Department of Paediatrics, Sheffield Children's Hospital, Sheffield, UK.
Department of Paediatric Radiology, Leeds Children's Hospital, Leeds, West Yorkshire, UK.
BMJ Case Rep. 2022 Jun 22;15(6):e246114. doi: 10.1136/bcr-2021-246114.
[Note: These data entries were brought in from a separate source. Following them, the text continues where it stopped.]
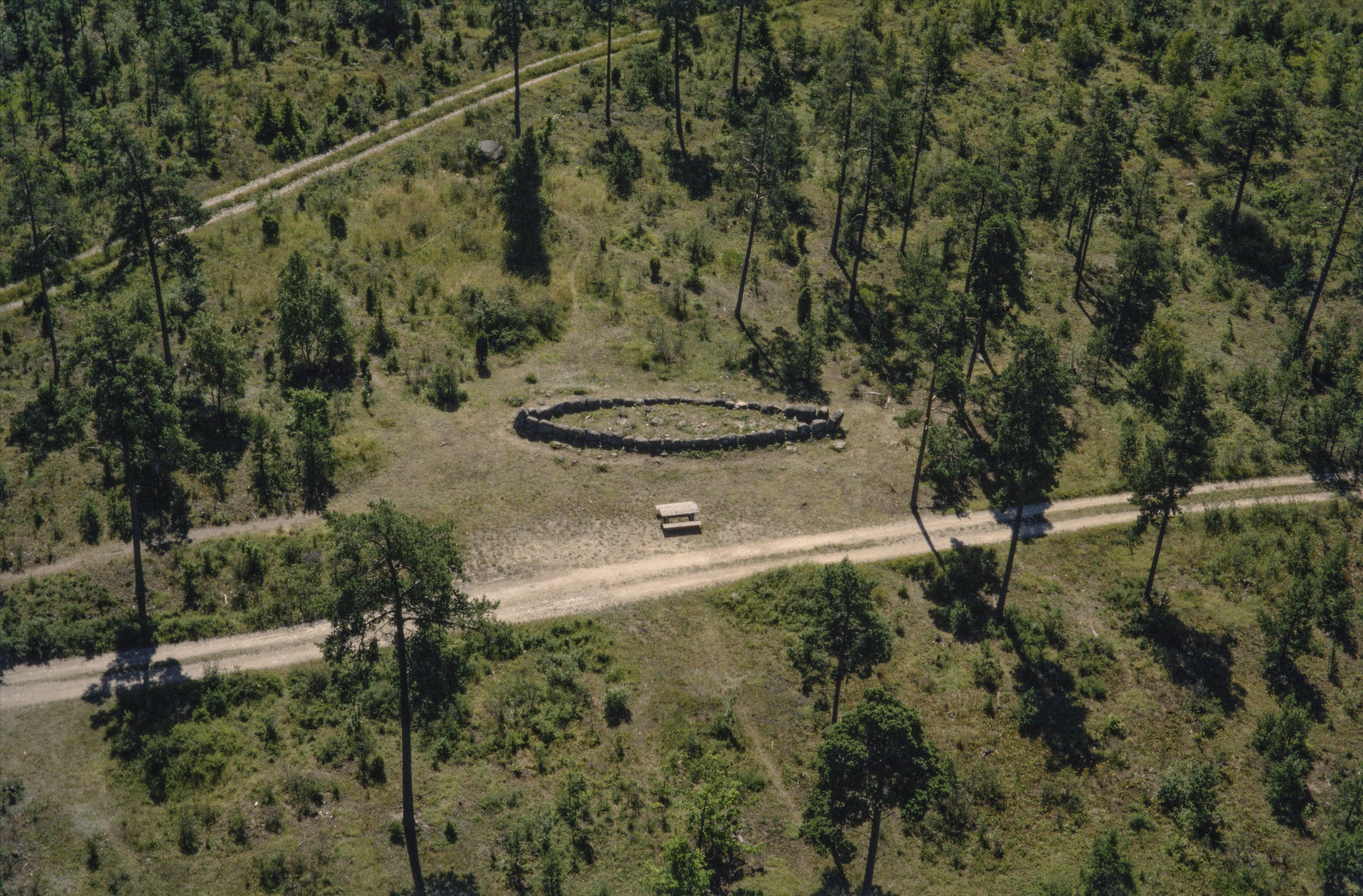 Beskrivning: Skeppssättningen Tjelvars grav RAÄnr Boge 28:1 i skogen vid Millhagen i Gothems socken, norr om gränsen mot Boge socken. Bilden är tagen mot (väderstreck): S
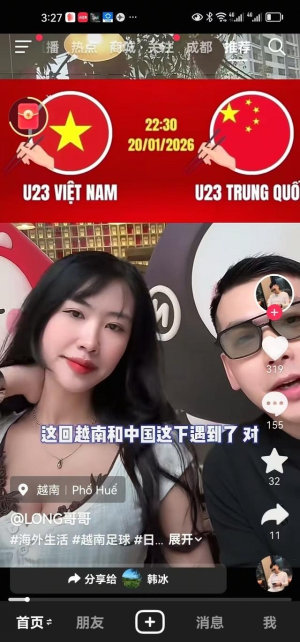 很多在越南找到女朋友的中国男球迷,也拍视频展现在越南街头与当地球迷一起看球的热闹场景,还让越南女朋友预测谁会赢,他的越南女朋友拒绝预测,说是大家开心就好。
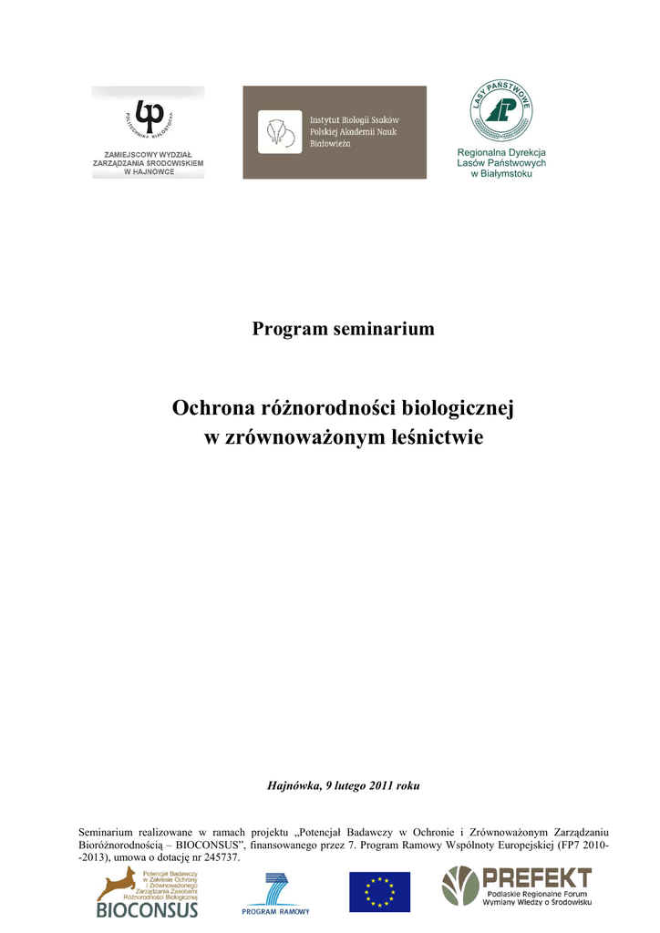 Program seminarium Ochrona różnorodności biologicznej w zrównoważonym leśnictwie Hajnówka, 9 lutego 2011 roku Seminarium realizowane w ramach projektu „Potencjał Badawczy w Ochronie i Zrównoważonym Zarządzaniu Bioróżnorodnością – BIOCONSUS”, finansowanego przez 7. Program Ramowy Wspólnoty Europejskiej (FP7 2010-2013), umowa o dotację nr 245737. Środa, 9 lutego 2011 r. 8:00-9:00 Rejestracja uczestników 9:00-9:10 Otwarcie seminarium, powitanie gości – dr hab. Sławomir Bakier – Dziekan Zamiejscowego Wydziału Zarządzania Środowiskiem Politechniki Białostockiej w Hajnówce; mgr inż. Ryszard Ziemblicki – Dyrektor Regionalnej Dyrekcji Lasów Państwowych w Białymstoku 9:10-9:20 Prezentacja projektu BIOCONSUS i idei Podlaskiego Regionalnego Forum Wymiany Wiedzy o Środowisku (PREFEKT) − mgr inż. Dorota Ławreszuk, Instytut Biologii Ssaków Polskiej Akademii Nauk, Białowieża 9:20-9:50 Bioróżnorodność lasów Polski – uwarunkowania naturalne i antropogeniczne – prof. dr hab. Bogumiła Jędrzejewska, dr Magdalena Niedziałkowska, mgr inż. Tomasz Borowik, Instytut Biologii Ssaków Polskiej Akademii Nauk, Białowieża 9:50-10:20 Rola Lasów Państwowych w kształtowaniu bioróżnorodności w ekosystemach leśnych – mgr inż. Marek Masłowski, Regionalna Dyrekcja Lasów Państwowych w Białymstoku 10:20-10:50 Tradycyjne, wielofunkcyjne użytkowanie Puszczy Białowieskiej w XV-XVIII wieku i jego wpływ na skład gatunkowy lasów – dr Tomasz Samojlik, Instytut Biologii Ssaków Polskiej Akademii Nauk, Białowieża 10:50-11:10 PRZERWA NA KAWĘ 11:10-11:30 Różnorodność biologiczna w Puszczy Białowieskiej jako funkcja georóżnorodności – dr Włodzimierz Kwiatkowski, Zamiejscowy Wydział Zarządzania Środowiskiem Politechniki Białostockiej w Hajnówce 11:30-11:50 Rola martwego drewna w zachowaniu bioróżnorodności w ekosystemach leśnych – dr Karol Zub, Instytut Biologii Ssaków Polskiej Akademii Nauk, Białowieża 11:50-12:10 Ochrona i zachowanie zasobów genowych drzew leśnych – dr hab. Adolf F. Korczyk, prof. Politechniki Białostockiej, Zamiejscowy Wydział Zarządzania Środowiskiem Politechniki Białostockiej w Hajnówce 12:10-12:30 Zróżnicowanie genetyczne drzewostanów i ich wpływ na zdrowotność – dr hab. Tomasz Oszako prof. IBL, dr hab. Justyna Nowakowska prof. IBL, Instytut Badawczy Leśnictwa Zakład Ochrony Lasu, Zakład Hodowli i Genetyki Drzew Leśnych, Sękocin Stary 12:30-12:50 Formy i metody ochrony różnorodności biologicznej w Leśnym Kompleksie Promocyjnym Puszcza Białowieska a zrównoważone leśnictwo w regionie białowieskim – mgr inż. Andrzej Antczak, Regionalna Dyrekcja Lasów Państwowych w Białymstoku 12:50-13:10 Monitoring stanu lasu źródłem wiedzy o dynamice procesów zachodzących w lasach chronionych na przykładzie Białowieskiego Parku Narodowego – mgr inż. Andrzej Keczyński, Białowieski Park Narodowy, Białowieża Seminarium realizowane w ramach projektu „Potencjał Badawczy w Ochronie i Zrównoważonym Zarządzaniu Bioróżnorodnością – BIOCONSUS”, finansowanego przez 7. Program Ramowy Wspólnoty Europejskiej (FP7 2010-2013), umowa o dotację nr 245737. 13:10-14:00 PRZERWA NA OBIAD 14:00-14:20 Ekologia i ochrona ptaków leśnych w świetle problemów gospodarki leśnej, obowiązującego ustawodawstwa oraz zmian klimatycznych – mgr Emilia Grzędzicka, Instytut Ochrony Przyrody Polskiej Akademii Nauk, Kraków 14:20-14:40 Ostoje różnorodności biologicznej w RDLP Szczecinek – koncepcja, realizacja, wnioski – mgr inż. Daniel Lemke, Regionalna Dyrekcja Lasów Państwowych, Szczecinek 14:40-15:00 Żubr – gatunek kluczowy dla ochrony różnorodności przyrodniczej – dr inż. Rafał Kowalczyk, Instytut Biologii Ssaków Polskiej Akademii Nauk, Białowieża 15:00-15:20 Bezkręgowce saproksyliczne w lasach Polski – prof. dr hab. Jerzy Gutowski, Europejskie Centrum Lasów Naturalnych Instytutu Badawczego Leśnictwa, Białowieża 15:20-15:40 Wpływ gospodarki leśnej na występowanie dzięcioła białogrzbietego Dendrocopos leucotos i trójpalczastego Picoides tridactylus w Puszczy Białowieskiej – dr hab. Wiesław Walankiewicz, Stowarzyszenie „Pracownia na rzecz Wszystkich Istot” Oddział Podlaski, Białystok 15:40-16:00 PRZERWA NA KAWĘ 16:00-16:20 Znaczenie gospodarki leśnej dla ochrony bioróżnorodności i jakości środowiska zbiorników i mokradeł śródleśnych oraz stref ekotonowych – dr Wojciech Puchalski, Pracownia Natury, Konstantynów 16:20-16:50 Wpływ zabiegów hodowlanych i ochronnych na poziom różnorodności biologicznej ekosystemów leśnych na obszarach chronionych i gospodarczych – mgr inż. Adam Kwiatkowski , Regionalna Dyrekcja Lasów Państwowych w Białymstoku 16:50-17:10 Stan i perspektywa ochrony pachnicy dębowej, kozioroga dębosza i jelonka rogacza w lasach Dolnego Śląska w przedziale 20 i 50 lat. – mgr inż. Wojciech Mazur, Regionalna Dyrekcja Lasów Państwowych, Wrocław 17:10-17:30 FunDivEurope: znaczenie różnorodności biologicznej dla funkcjonowania i produktywności ekosystemów leśnych w Europie. Założenie metodyczne projektu finansowanego z 7. Programu Ramowego UE. – dr inż. Bogdan Jaroszewicz, Uniwersytet Warszawski, Białowieska Stacja Geobotaniczna, Białowieża 17:30-17:50 Podsumowanie seminarium – prof. dr hab. Bogumiła Jędrzejewska, Instytut Biologii Ssaków Polskiej Akademii Nauk, Białowieża, mgr inż. Ryszard Ziemblicki, Regionalna Dyrekcja Lasów Państwowych, Białystok; dr hab. Sławomir Bakier, Zamiejscowy Wydział Leśnictwa Politechniki Białostockiej, Hajnówka; Seminarium realizowane w ramach projektu „Potencjał Badawczy w Ochronie i Zrównoważonym Zarządzaniu Bioróżnorodnością – BIOCONSUS”, finansowanego przez 7. Program Ramowy Wspólnoty Europejskiej (FP7 2010-2013), umowa o dotację nr 245737.

Cutaneous venous malformations frequently present with blue-pink lesions on the skin or mucosal surfaces. They can be problematic for patients who experience pain or unsightly lesions and can also be associated with significant bleeding. A proportion of venous malformations have been noted to occur in families, in particular glomuvenous malformations (GVMs). A 'two-hit' occurrence of genetic pathogenic variants appears to explain the appearance of GVMs, with the initial change in the germline copy of followed by a second somatic hit. Here we discuss a report of siblings experiencing such lesions, which were diagnosed as GVMs by genetic testing. We include a review of the literature regarding the clinical and genetic differences between these groups of venous malformations.
皮肤静脉畸形常表现为皮肤或黏膜表面的蓝-粉色病变。对于那些经历疼痛或影响美观的病变的患者来说,这些病变可能会造成问题,并且还可能与明显的出血有关。据报道,一部分静脉畸形存在家族聚集性,特别是静脉球瘤样畸形(glomuvenous malformations,GVMs)。遗传致病性变异的“两次打击”似乎可以解释 GVM 的出现,最初的改变发生在种系拷贝中,随后是第二次体细胞打击。在这里,我们讨论了一对出现这种病变的兄弟姐妹的病例报告,这些病变通过基因检测被诊断为 GVM。我们还回顾了关于这些静脉畸形组之间的临床和遗传差异的文献。